Только иногда, в грозовые ночи, казалось, что скала жива. Что она дышит и смотрит, что она впитывает грозу, что она едина с ней, что она призывает всей своей плотью и мощью - удар молнии, раскалывающий, разбивающий, дробящий.
В солнечные дни скала словно бы засыпала. Так греются на солнце питоны и удавы, холодные и малоподвижные без нужды.
Племя огнепоклонников, поселившихся невдалеке, видело странные сны - о Том, чья любовь и гордость была сильнее долга перед своим народом. И каждый из этого племени начал опасаться предательства ближнего своего. Но все они ходили к скале и разводили костры у ее подножия, танцевали вокруг них, пели песни и били в бубен. Скала не отзывалась на это, но словно сжималась от невыносимой боли.
Дочь вождя, двенадцатилетняя девочка с черными косами до земли, часто ходила к скале и стояла так по нескольку часов - от восхода и до заката, прижавшись лбом и ладонями к камню.

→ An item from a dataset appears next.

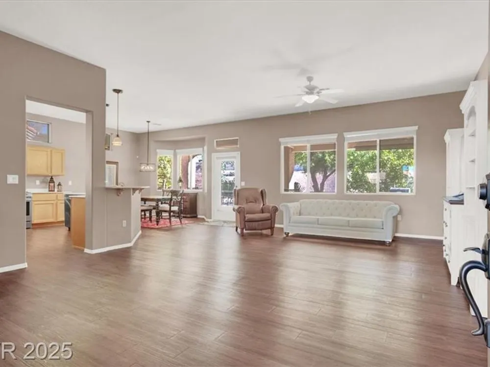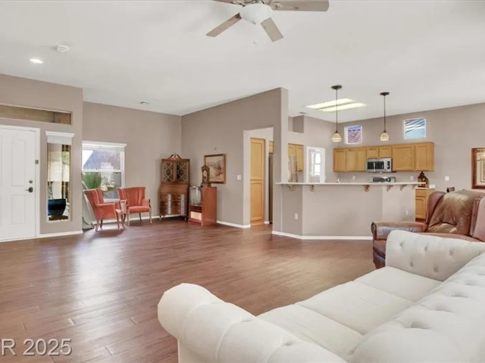 Discover the perfect blend of comfort & style in one of the most popular floor plans at Sun City Summerlin. This beautifully upgraded Royale Model is designed with your retirement lifestyle in mind. Enjoy a spacious 2-bedroom plus den/sitting area layout featuring an open floorplan and plenty of natural light. Every detail has been carefully considered—from durable luxury vinyl plank flooring, stainless steel appliances and new water heater. You'll love the contemporary light fixtures, ceiling fan, & soaring 10-ft ceilings that create an airy, inviting atmosphere. Step outside onto your covered patio & relax in your sprawling 1/2 acre corner lot perfect for leisurely afternoons or entertaining friends. Experience a vibrant community lifestyle with abundant amenities & activities in this fabulous age-restricted neighborhood. Your new home awaits!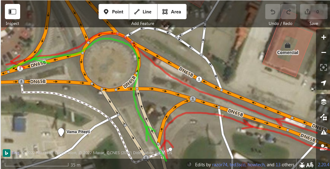 I was at the OMV gas station (mid-lower-right here https://www.openstreetmap.org/#map=18/44.82571/24.91486 ). As I exited the gas station through the western exting, the natural way to proceed towards Craiova would be to go north, enter the roundabout and exit through the second exit, westwards.

Она стала замкнута и нелюдима, а после начала поговаривать о принесении человеческих жертв Духу Скалы. Пока она еще была ребенком, ее никто не слушал, даже отец, тем более - шаман племени.
Шаман плохо спал и часто просыпался в дождливые ночи. Выходил из хижины, садился на пороге, чтобы капли скатывались по волосам его и спине, а когда от его молчания просыпался вождь, бывший его кровным братом, и выходил к нему, шаман поднимал к нему лицо тридцатилетнего мужчины, изборожденное морщинами, и говорил: "Скалы стонут, брат мой, скалы стонут..."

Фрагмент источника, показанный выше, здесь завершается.